介護生活を終え、息子も成人した荒木に新しい生活が待っていた。

「19~20歳の時に主演させていただいた、バレーボールにかける青春を描いた連続ドラマ『燃えろアタック』は中国でも『排球女将』という題名で放送されて、視聴率80%以上の大ヒットをしていたんです。中国の皆さんが、私のことを、主人公の役名の小鹿純子(ショウルー・ツゥンツ)として覚えていてくださっていたんです」

ジャンプして空中で1回転してから打つ「ひぐま落とし」などの必殺スパイクは、中国の人々にも強烈な印象を残した。勝負にかける不屈の精神は、国境を越えて大きな共感を呼んでいた。その時のファンの1人が、中国最大のインターネット通販「アリババ」グループを率いるカリスマ経営者ジャック・マー氏(57)だった。

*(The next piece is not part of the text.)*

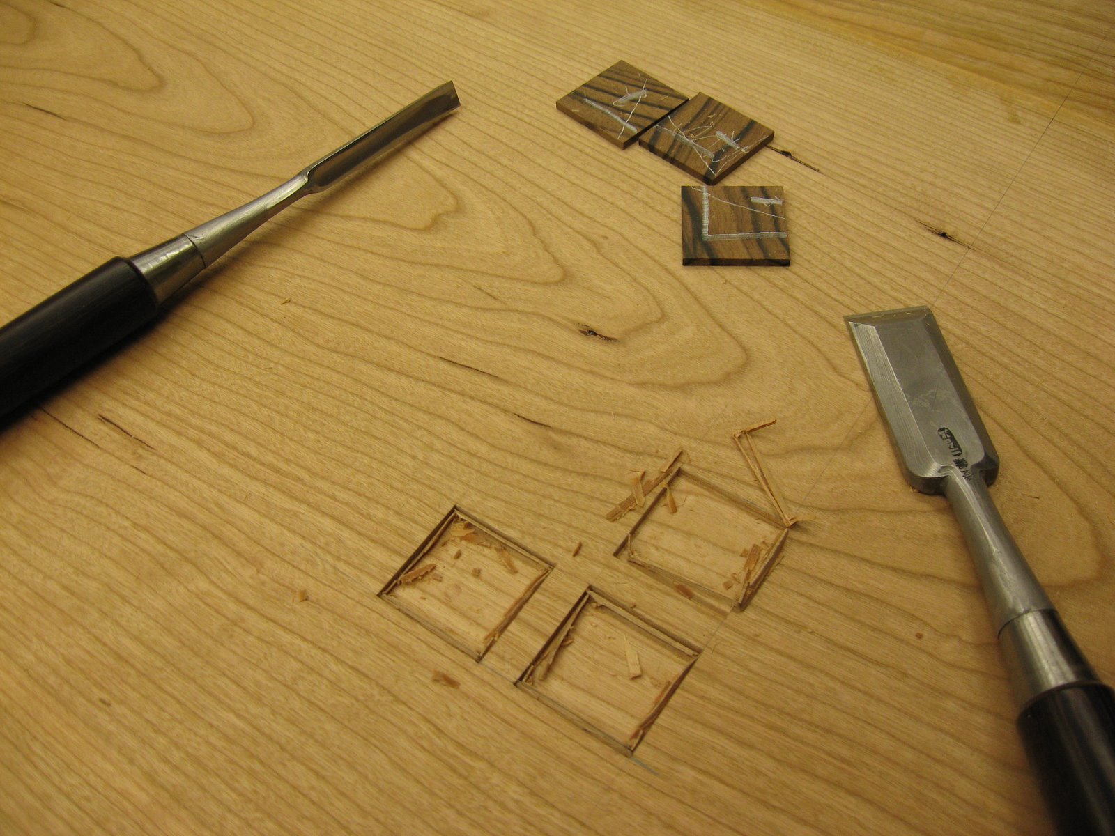 Picking up after the glue up (and the close of Cabaret), next came the inlay process. I was originally planning to inlay rosewood, but a billet of Macassar ebony that has been lurking in the shop for 16 years had some curvy figure that looked promising, so I sliced of a 1/8″ thick piece on the bandsaw and cut it into squares. I then laid out lines with a scalpel so the inlays would land right over the table legs, hogged the bulk of the material out freehand with a router (after burning a couple hours on a router template that was not satisfactory), and cut to the lines with chisels. Love those chisels!

「人を介して連絡があって、03年に会わせていただいたんですけど、私というより小鹿純子の熱烈なファンでした(笑い)。つらい時、困った時に乗り越える勇気をもらったと言っていただきました。それで、招待を受けて中国に行ってみたら大歓迎を受けて感激しました」

コロナ禍前の20年1月には上海のデパート「高島屋」のステージで、中国のファンを前に「燃えろアタック」の主題歌を披露した。

「今はコロナ禍で、なかなか中国に行くことが出来ませんが、あの温かさは忘れません。義母が亡くなって04年に芸能活動を再開する時に、中国にたくさん応援してくださる方がいるというのが、夫の湯原とともに大きな支えになってくれました」

故郷・佐賀と上海の春秋航空路線が開通して10年。

「佐賀の名産である有田焼をプロデュースして、ティーポット、ティーカップ、プレートなどを作成した。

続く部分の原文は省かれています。